Task to complete: From the material below, copy exactly the lines beginning with the one that contains "Bánh xe xoay, đế dập đinh tán ren—M12-P1.75" and ending with the one that contains "원가 200만원에 관세에"; the pictures stay out.

Record excerpts:
########

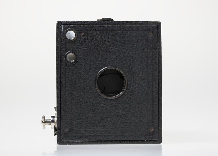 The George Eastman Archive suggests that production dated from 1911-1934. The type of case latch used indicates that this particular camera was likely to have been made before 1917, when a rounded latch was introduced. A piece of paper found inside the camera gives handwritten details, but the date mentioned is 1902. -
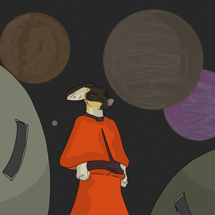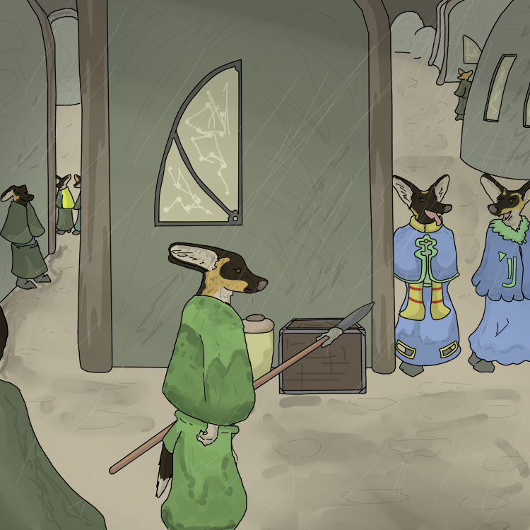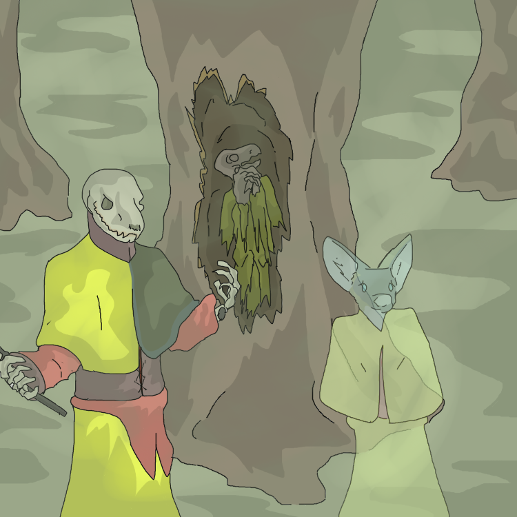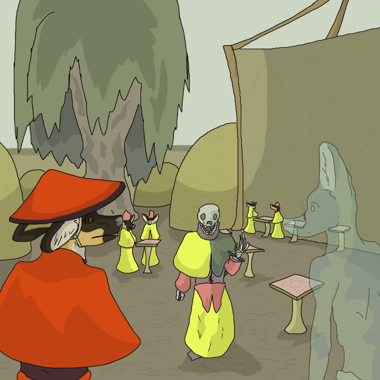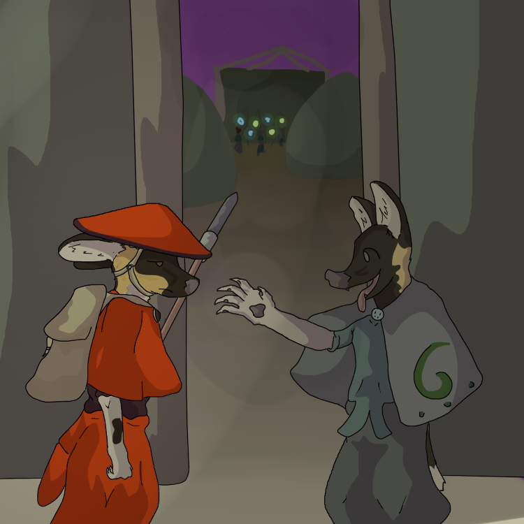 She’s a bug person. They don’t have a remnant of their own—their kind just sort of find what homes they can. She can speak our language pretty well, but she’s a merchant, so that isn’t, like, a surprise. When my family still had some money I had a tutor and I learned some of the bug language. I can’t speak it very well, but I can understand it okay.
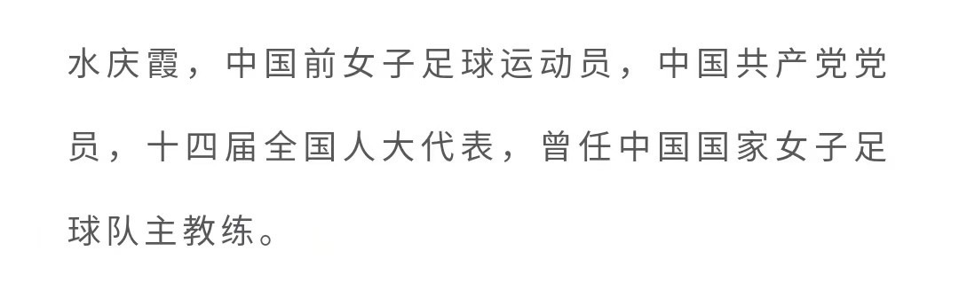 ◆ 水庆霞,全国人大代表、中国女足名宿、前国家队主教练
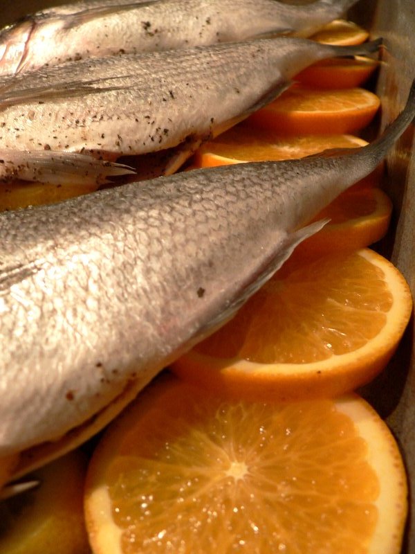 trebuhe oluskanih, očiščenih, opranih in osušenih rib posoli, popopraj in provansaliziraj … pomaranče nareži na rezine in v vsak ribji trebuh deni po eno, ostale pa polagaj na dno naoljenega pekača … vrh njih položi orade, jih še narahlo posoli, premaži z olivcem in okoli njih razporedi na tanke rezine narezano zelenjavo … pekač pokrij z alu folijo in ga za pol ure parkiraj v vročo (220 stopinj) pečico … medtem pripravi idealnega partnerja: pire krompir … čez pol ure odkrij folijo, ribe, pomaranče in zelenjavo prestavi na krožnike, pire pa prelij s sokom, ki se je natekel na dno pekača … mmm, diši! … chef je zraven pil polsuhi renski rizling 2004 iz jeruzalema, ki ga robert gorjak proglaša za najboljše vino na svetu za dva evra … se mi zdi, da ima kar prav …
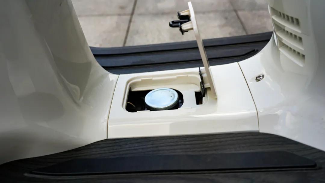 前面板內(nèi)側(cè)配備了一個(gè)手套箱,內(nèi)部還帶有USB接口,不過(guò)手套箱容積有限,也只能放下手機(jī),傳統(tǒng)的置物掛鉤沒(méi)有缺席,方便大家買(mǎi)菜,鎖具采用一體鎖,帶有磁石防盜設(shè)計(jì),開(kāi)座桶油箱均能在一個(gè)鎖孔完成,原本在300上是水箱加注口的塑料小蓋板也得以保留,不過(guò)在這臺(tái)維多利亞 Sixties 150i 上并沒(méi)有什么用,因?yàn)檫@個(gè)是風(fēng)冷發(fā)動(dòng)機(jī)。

########

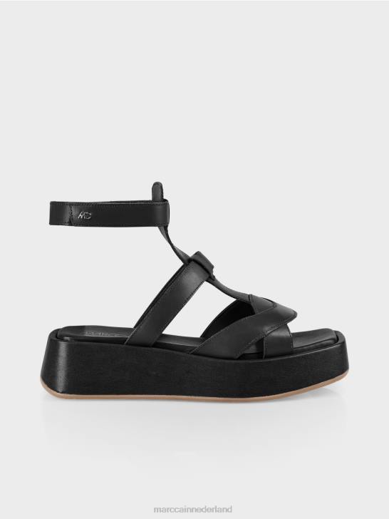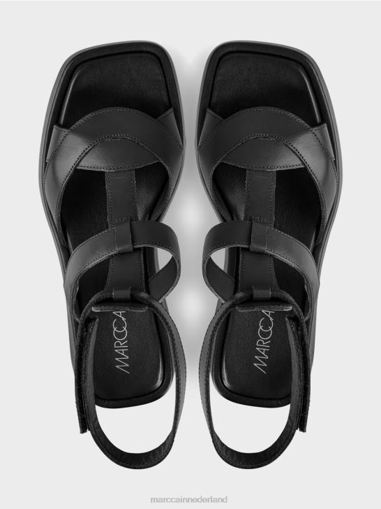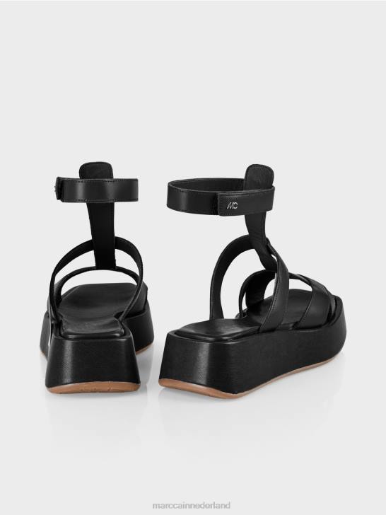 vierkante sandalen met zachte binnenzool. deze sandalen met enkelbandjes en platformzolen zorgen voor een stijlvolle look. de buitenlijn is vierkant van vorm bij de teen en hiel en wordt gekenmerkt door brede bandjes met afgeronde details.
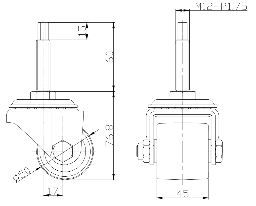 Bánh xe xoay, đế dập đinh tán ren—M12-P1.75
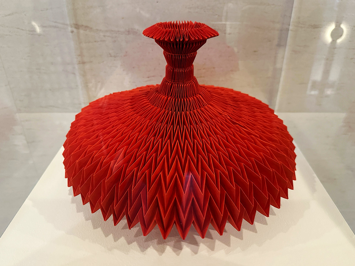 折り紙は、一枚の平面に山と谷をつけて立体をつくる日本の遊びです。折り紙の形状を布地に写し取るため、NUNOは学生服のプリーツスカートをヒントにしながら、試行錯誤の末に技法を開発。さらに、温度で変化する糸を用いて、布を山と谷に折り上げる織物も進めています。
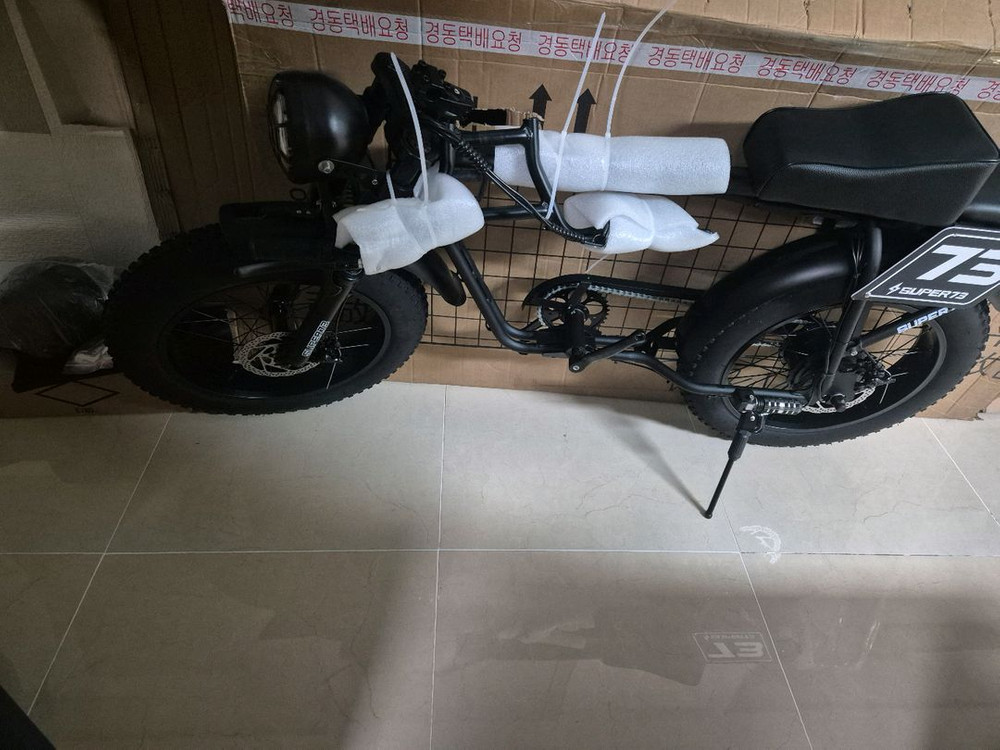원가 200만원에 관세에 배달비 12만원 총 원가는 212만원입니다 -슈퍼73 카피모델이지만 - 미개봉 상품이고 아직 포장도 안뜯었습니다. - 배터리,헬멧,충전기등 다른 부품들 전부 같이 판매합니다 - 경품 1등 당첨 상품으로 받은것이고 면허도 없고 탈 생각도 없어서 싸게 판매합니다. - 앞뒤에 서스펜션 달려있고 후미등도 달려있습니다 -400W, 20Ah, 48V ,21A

########

Your response:
 Bánh xe xoay, đế dập đinh tán ren—M12-P1.75
 折り紙は、一枚の平面に山と谷をつけて立体をつくる日本の遊びです。折り紙の形状を布地に写し取るため、NUNOは学生服のプリーツスカートをヒントにしながら、試行錯誤の末に技法を開発。さらに、温度で変化する糸を用いて、布を山と谷に折り上げる織物も進めています。
원가 200만원에 관세에 배달비 12만원 총 원가는 212만원입니다 -슈퍼73 카피모델이지만 - 미개봉 상품이고 아직 포장도 안뜯었습니다. - 배터리,헬멧,충전기등 다른 부품들 전부 같이 판매합니다 - 경품 1등 당첨 상품으로 받은것이고 면허도 없고 탈 생각도 없어서 싸게 판매합니다. - 앞뒤에 서스펜션 달려있고 후미등도 달려있습니다 -400W, 20Ah, 48V ,21A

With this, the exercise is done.